**Source data**

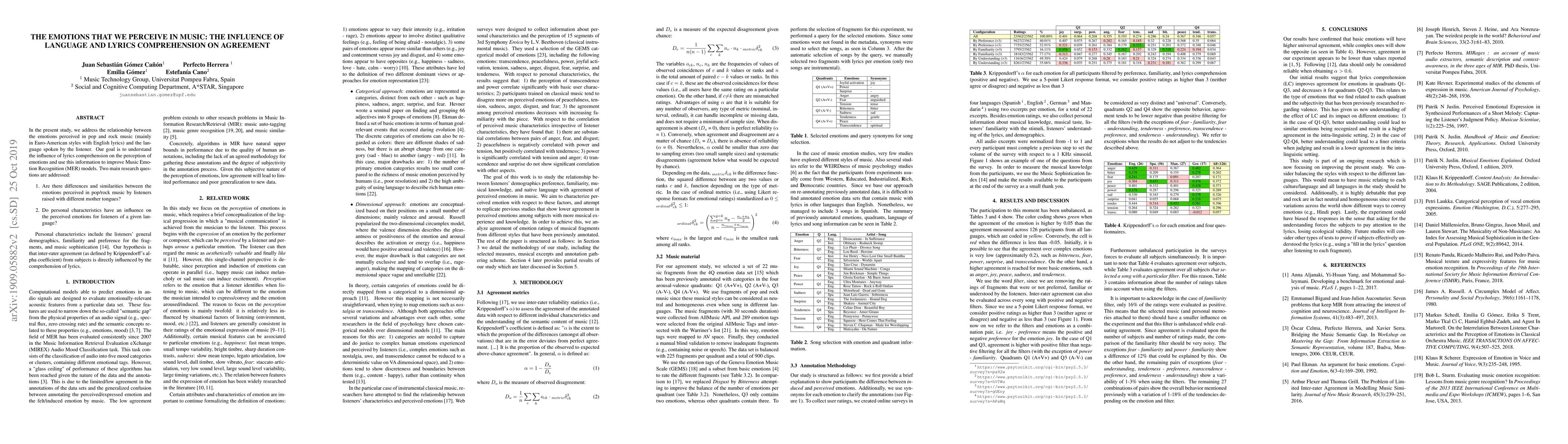 This study investigates how language and lyrics comprehension affect the perception of emotions in pop and rock music, focusing on Euro-American styles with English lyrics. It aims to determine if listeners' mother tongues influence their emotional interpretations and if personal characteristics impact these perceptions to enhance Music Emotion Recognition models.
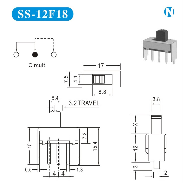 SS-12F18 詳細資料 產品說明: 技術指標: 使用溫度范圍 -20~+70℃ 耐壓 AC250V(50Hz)/min 額定負荷 DC 50V 0.5A 動作力 250±100gf 接觸電阻 ≤0.05Ω 機械壽命 10000次 絕緣電阻 ≥100MΩ
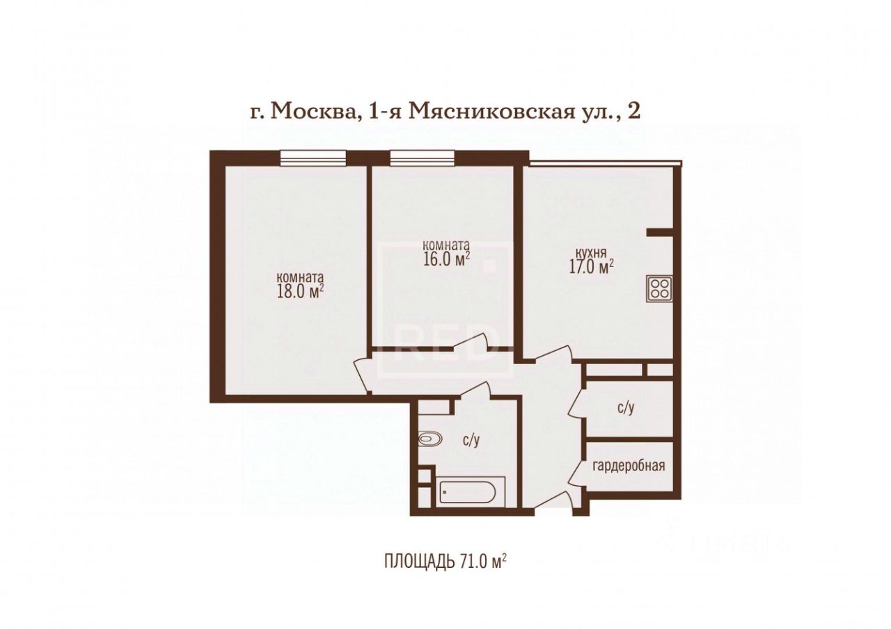 Грамотная планировка включает в себя просторную кухню-гостиную 17 кв.м., изолированные две комнаты (18 и 16 кв.м.), гардеробная при входе, 2 сан.узла, просторные коридоры.

**Work to complete**
Quote the data above in full, leaving out the pictures it holds.

**Task answer**
 This study investigates how language and lyrics comprehension affect the perception of emotions in pop and rock music, focusing on Euro-American styles with English lyrics. It aims to determine if listeners' mother tongues influence their emotional interpretations and if personal characteristics impact these perceptions to enhance Music Emotion Recognition models.
 SS-12F18 詳細資料 產品說明: 技術指標: 使用溫度范圍 -20~+70℃ 耐壓 AC250V(50Hz)/min 額定負荷 DC 50V 0.5A 動作力 250±100gf 接觸電阻 ≤0.05Ω 機械壽命 10000次 絕緣電阻 ≥100MΩ
 Грамотная планировка включает в себя просторную кухню-гостиную 17 кв.м., изолированные две комнаты (18 и 16 кв.м.), гардеробная при входе, 2 сан.узла, просторные коридоры.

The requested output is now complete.